1. Make Green Your Favorite Color. Add in dark, leafy greens to your meals any chance you get. Green vegetables are high in calcium, magnesium, iron, potassium ,zinc and vitamins A, C, E and K. They are loaded with fiber, folic acid and cholorphyll. Organic is best, but non-organic is better than not eating them at all. Add a large handful of them to scrambled eggs or smoothies, put them on sandwiches, add roasted green vegetables to your meals and use the leftovers for your leafy green salads – incorporate them whenever and wherever you can! You can’t get too much of them.
2. Ditch the processed beverages and add in more WATER. Water is the most important thing– lots of it, all day long. Aim for 8 glasses a day. Coffee and plain ice tea do not count toward that goal since the caffeine dehydrates you (though I am not against them, in moderation -as in a cup or two per day, sweetened with healthy sweeteners and whole milk). Ditch the splenda and fat-free milks. In general, processed beverages might not be a term you hear too often, but there is a large chunk of bad habits that begin with what you drink. Everything from the fancy coffee shop’s calorie laden, sugar filled concoctions that are pawned off as coffee drinks to the variety of sodas (diet included!), sports drinks and sweetened ice teas to flavored coconut waters and sugary fruit drinks with a bit of green added to mislead you. Staying hydrated also controls hunger, headaches and fatigue.
3. Get Moving! Even something as simple as a walk around the neighborhood after dinner can benefit your health. Start with one or two days a week and then gradually increase to four or more.
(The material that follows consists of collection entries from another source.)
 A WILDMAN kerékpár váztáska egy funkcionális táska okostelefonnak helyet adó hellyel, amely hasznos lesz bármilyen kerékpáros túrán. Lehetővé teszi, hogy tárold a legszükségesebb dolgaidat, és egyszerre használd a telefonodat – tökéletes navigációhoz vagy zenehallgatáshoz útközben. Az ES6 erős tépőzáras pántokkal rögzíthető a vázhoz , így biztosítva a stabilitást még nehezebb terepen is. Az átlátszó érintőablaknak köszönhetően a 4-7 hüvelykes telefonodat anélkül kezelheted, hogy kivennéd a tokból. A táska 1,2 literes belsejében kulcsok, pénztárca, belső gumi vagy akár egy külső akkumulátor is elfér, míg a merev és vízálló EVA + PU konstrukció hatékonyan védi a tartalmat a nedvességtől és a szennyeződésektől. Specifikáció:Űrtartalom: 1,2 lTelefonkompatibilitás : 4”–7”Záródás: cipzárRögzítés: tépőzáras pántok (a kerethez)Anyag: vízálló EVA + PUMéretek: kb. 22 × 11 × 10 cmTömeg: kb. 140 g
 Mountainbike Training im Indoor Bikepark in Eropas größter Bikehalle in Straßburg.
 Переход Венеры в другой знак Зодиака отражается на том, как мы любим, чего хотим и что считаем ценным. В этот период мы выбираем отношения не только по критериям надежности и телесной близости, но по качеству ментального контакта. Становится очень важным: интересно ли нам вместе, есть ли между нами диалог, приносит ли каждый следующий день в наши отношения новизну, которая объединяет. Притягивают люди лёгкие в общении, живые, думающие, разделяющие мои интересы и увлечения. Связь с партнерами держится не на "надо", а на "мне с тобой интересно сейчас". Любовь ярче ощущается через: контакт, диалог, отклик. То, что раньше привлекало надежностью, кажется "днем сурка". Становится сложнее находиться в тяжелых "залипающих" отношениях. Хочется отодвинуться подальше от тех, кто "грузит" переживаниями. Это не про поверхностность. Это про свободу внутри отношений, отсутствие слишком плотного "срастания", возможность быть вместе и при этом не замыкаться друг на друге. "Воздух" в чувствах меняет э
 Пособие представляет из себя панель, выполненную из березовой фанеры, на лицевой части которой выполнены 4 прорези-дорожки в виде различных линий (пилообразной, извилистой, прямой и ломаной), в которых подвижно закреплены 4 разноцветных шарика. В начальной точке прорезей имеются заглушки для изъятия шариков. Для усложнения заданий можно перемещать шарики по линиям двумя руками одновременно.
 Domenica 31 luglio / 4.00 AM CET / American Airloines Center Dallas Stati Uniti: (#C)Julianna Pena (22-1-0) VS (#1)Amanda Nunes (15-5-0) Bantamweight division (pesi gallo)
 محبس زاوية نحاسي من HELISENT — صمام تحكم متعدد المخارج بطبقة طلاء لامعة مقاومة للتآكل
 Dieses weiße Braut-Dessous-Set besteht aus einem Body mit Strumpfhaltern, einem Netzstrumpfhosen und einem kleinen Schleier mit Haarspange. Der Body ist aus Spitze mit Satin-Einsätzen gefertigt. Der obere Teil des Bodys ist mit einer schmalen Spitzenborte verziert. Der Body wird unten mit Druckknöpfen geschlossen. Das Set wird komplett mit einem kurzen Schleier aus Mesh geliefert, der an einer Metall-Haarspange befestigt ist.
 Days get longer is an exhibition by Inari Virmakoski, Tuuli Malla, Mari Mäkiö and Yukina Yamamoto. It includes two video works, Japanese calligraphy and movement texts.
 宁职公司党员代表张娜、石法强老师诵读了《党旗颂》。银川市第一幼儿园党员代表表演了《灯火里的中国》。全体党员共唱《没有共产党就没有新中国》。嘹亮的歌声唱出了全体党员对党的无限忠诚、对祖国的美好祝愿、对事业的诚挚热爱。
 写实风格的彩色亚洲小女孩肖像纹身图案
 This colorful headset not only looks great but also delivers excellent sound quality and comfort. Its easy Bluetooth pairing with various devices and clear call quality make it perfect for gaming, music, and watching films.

The exercise not only helps you control weight, it helps strengthen your heart, keeps your joints mobile and increases endorphins (neuropeptides that elevate your mood).
Start with these three tips and you’ll be on your way to reaching the top of the wellness mountain! You can do it – you just need to start!
Coming soon…. my review of a new cookbook that is being released this month. I’ve been selected as a cookbook ambassador for a real food expert who has improved the health and wellness of her family, all by changing how they eat. Look for my review next week!
Happy, Healthy Eating!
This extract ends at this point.